The impulse to pit one orchestra against another is as regrettable as it is irresistible. In 1928, Wilhelm Furtwängler, the most relentlessly deep-thinking of conductors, bemoaned what he considered the American habit of “seeing things from the point of view of sport,” but even by then the “Who’s on top?” tendency had become universal.

His favorite concert it seemed was by Minnesota and he pointed out that:
Carnegie was barely three-quarters full—perhaps because “Kullervo” is little known, perhaps because New Yorkers were orchestra’d out.

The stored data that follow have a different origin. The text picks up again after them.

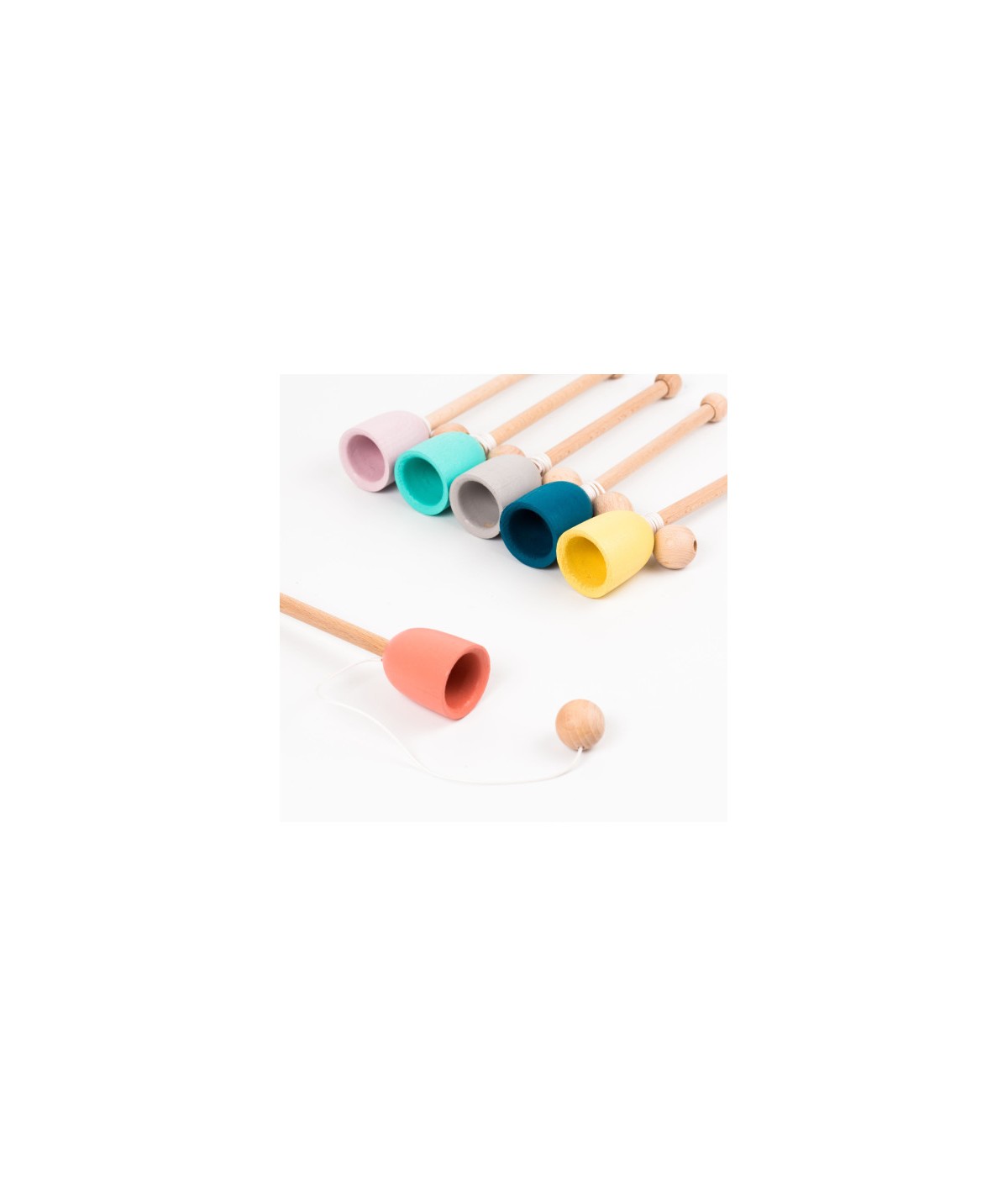 El boliche es un juego clásico de habilidad manual, un juego clásico y artesanal, fabricado en madera sostenible y pintura ecológica. De Me&Mine.
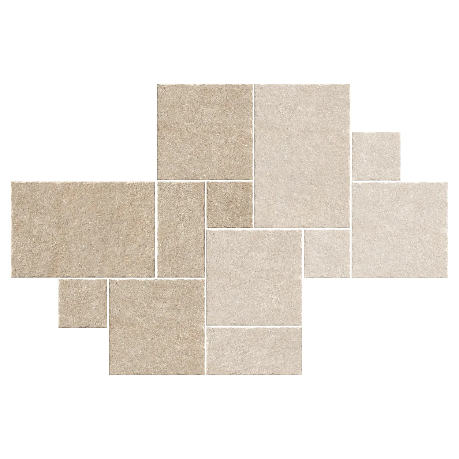 Als Modulbelag für die Verlegung im römischen Verband ist dieses Set ideal, wenn Sie ein lebendiges Verlegebild mit mehreren Formaten wünschen. Ein Karton enthält die perfekt abgestimmten Fliesenformate: 40,6 x 60,9 cm = 1 Stück, 40,6 x 40,6 cm = 2 Stück, 20,3 x 40,6 cm = 1 Stück und 20,3 x 20,3 cm = 2 Stück. Damit gelingt das typische, abwechslungsreiche Muster ohne aufwendige Zusammenstellung einzelner Größen. Passend dazu ist das Set für die gezeigten Verlegemuster geeignet, die Verlegeschemen stehen als Download weiter unten auf der Seite bereit und erleichtern Planung sowie Umsetzung.
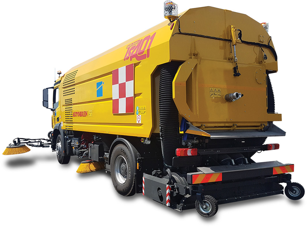 Specifically designed for airport areas, the TSA series is used on runways, taxiways and aircraft parking areas where cleaning must be rapid and widespread. TSA sweepers have won approval at both civil and military airports, proving very successful in cold areas of the world, where they are used for snow clearing operations and removing de-icing liquids. TSA sweepers can work efficiently up to 45 km / h thanks to the special shape of the suction vents and the simultaneous use of the central brush and the air recirculation vents.

Now not that being the best is about being the most popular, but it reminded me of another orchestra that raised the big bucks to go to Carnegie and armed with a big crowd and a great review, the thought was that this would spur ticket sales back at home.  There may have been a mild bump but the decline quickly resumed and in a subsequent focus group the number one reason that people stayed away was……Parking issues! When are we going to face the fact that we are in a service industry, and that no matter how great we are artistically, the smallest thing can keep someone from attending.
We so often focus on artistic excellence as the primary goal, yet that is only one component.  It is organizational excellence that needs to be the focus, every aspect is important, because we are not in competitive industry at least not with each other!  We are competing for relevance in our community, not against another orchestra in another community.  For example: Dallas and Fort Worth are only 35 miles apart but they don’t share many if any subscribers.  So who is the best at customer relations, accessibility, interaction, efficiency, community partnerships, economic development, cost ratios? etc…  it seems those are all secondary to artistic excellence instead of being equal, and a big reason even great orchestras will get into trouble is because the prevailing attitude still seems to be if they just come once they will be hooked forever because we are so good and music is so great!
The mistake we make is that we assume that people are comparing us to other orchestras.  They aren’t!  The majority of the people in my audience haven’t even heard another orchestra live.  They are comparing us to the other things to do in town on a Saturday night!  We need to prove the relevance of orchestras not their superiority!